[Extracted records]

————

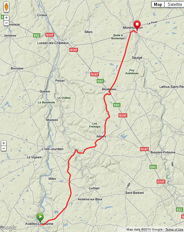 I rode back to the ‘T’ junction, stopping to take a photograph where a footpath crosses the road and a small brook. I carried on along the D729 to Adriers, crossing a number of small streams in steep little valleys. Just after leaving Adriers I had stopped to check my map when two other cyclists passed me and stopped for a chat. They were looking for a campsite, and I told them I was heading for Montmorillon where I was pretty sure there was a municipal site, so we set off together, and covered the remaining 20 kilometres through Moulismes quite quickly, taking it in turns to set the pace. In Montmorillon we all stopped to ask a passing lady for directions, and I realised just how poor my French was as I listened to my companions chat with her fluently. There were signs for the campsite across the River Gartempe and we were charged the smallest amount of any site I had been to so far, possibly only €3 each, but my memory has faded. The showers were hot and I hung my washing from a tree next to my tent before we all rode into Montmorillon for a supper of mussels.
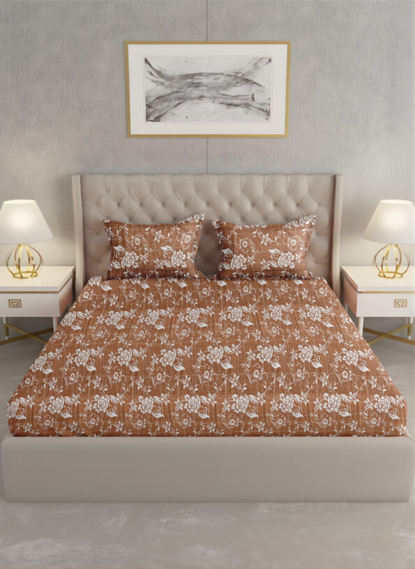 The Ackross Bare Basics Floral Queen Bedsheet is made from 100% cotton with a comfortable 104 TC weave, offering breathable softness for everyday comfort. Sized at 224 × 254 cms, it fits queen beds perfectly and includes matching pillow covers (46 × 69 cms). Easy to maintain and designed for daily living, it brings effortless style and dependable comfort to your bedroom—Ackross, Your Home’s Better Half.
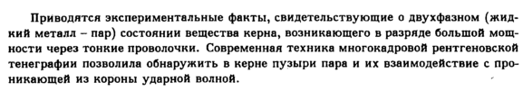 Приводятся экспериментальные факты, свидетельствующие о двухфазном (жидкий металл пар) состоянии вещества керна, возникающего в разряде большой мощности через тонкие проволочки. Современная техника многокадровой рентгеновской тенеграфии позволила обнаружить в керне пузыри пара и их взаимодействие с проникающей из короны ударной волной.
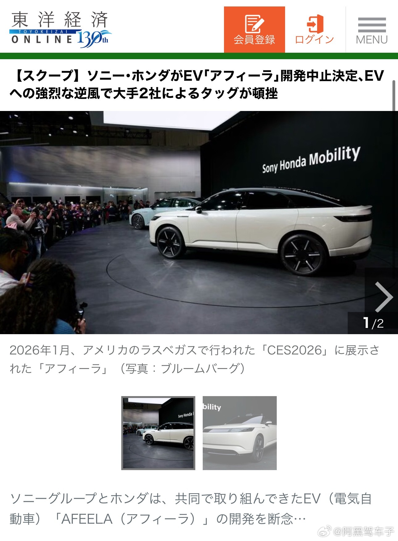 然而就如特朗普所言:没有人比日本更懂惊喜。2026年3月25Sony Honda Mobility宣布终止造车计划图一。曾亮相CES的Afeela 1轿车以及电动SUV都将不会上市。
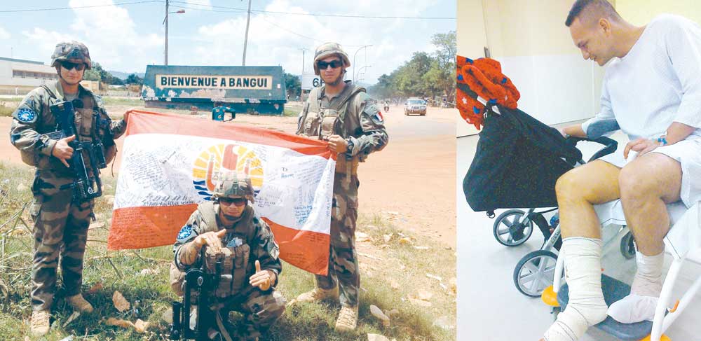 - Polynésie française. Deux Tahitiens blessés en CentrafriqueTevai Teamo, 29 ans est l'un des deux soldats tahitiens blessés le 20 août à Bangui. Hospitalisé dans le Val-de-Marne, il se remet doucement de ses blessures en attendant de rentrer en Alsace, auprès de sa femme et de son bébé, avant de repartir en mission.Les heurts ont été très violents les 19 et 20 août, à Bangui, entre les militaires français et des groupes armés. Des grenades ont été lancées. Qu’en est-il de vos blessures ?Tevai Teamo : Une grenade a tapé au niveau de ma jambe droite. Des éclats ont frappé toute ma jambe, duIl vous reste 92% de l'article à découvrir.Cet article est réservé aux abonnés.

————

# PROMPT:
Would you copy each line above exactly as given, dropping any images?

# ANSWER AREA:
 I rode back to the ‘T’ junction, stopping to take a photograph where a footpath crosses the road and a small brook. I carried on along the D729 to Adriers, crossing a number of small streams in steep little valleys. Just after leaving Adriers I had stopped to check my map when two other cyclists passed me and stopped for a chat. They were looking for a campsite, and I told them I was heading for Montmorillon where I was pretty sure there was a municipal site, so we set off together, and covered the remaining 20 kilometres through Moulismes quite quickly, taking it in turns to set the pace. In Montmorillon we all stopped to ask a passing lady for directions, and I realised just how poor my French was as I listened to my companions chat with her fluently. There were signs for the campsite across the River Gartempe and we were charged the smallest amount of any site I had been to so far, possibly only €3 each, but my memory has faded. The showers were hot and I hung my washing from a tree next to my tent before we all rode into Montmorillon for a supper of mussels.
 The Ackross Bare Basics Floral Queen Bedsheet is made from 100% cotton with a comfortable 104 TC weave, offering breathable softness for everyday comfort. Sized at 224 × 254 cms, it fits queen beds perfectly and includes matching pillow covers (46 × 69 cms). Easy to maintain and designed for daily living, it brings effortless style and dependable comfort to your bedroom—Ackross, Your Home’s Better Half.
 Приводятся экспериментальные факты, свидетельствующие о двухфазном (жидкий металл пар) состоянии вещества керна, возникающего в разряде большой мощности через тонкие проволочки. Современная техника многокадровой рентгеновской тенеграфии позволила обнаружить в керне пузыри пара и их взаимодействие с проникающей из короны ударной волной.
 然而就如特朗普所言:没有人比日本更懂惊喜。2026年3月25Sony Honda Mobility宣布终止造车计划图一。曾亮相CES的Afeela 1轿车以及电动SUV都将不会上市。
 - Polynésie française. Deux Tahitiens blessés en CentrafriqueTevai Teamo, 29 ans est l'un des deux soldats tahitiens blessés le 20 août à Bangui. Hospitalisé dans le Val-de-Marne, il se remet doucement de ses blessures en attendant de rentrer en Alsace, auprès de sa femme et de son bébé, avant de repartir en mission.Les heurts ont été très violents les 19 et 20 août, à Bangui, entre les militaires français et des groupes armés. Des grenades ont été lancées. Qu’en est-il de vos blessures ?Tevai Teamo : Une grenade a tapé au niveau de ma jambe droite. Des éclats ont frappé toute ma jambe, duIl vous reste 92% de l'article à découvrir.Cet article est réservé aux abonnés.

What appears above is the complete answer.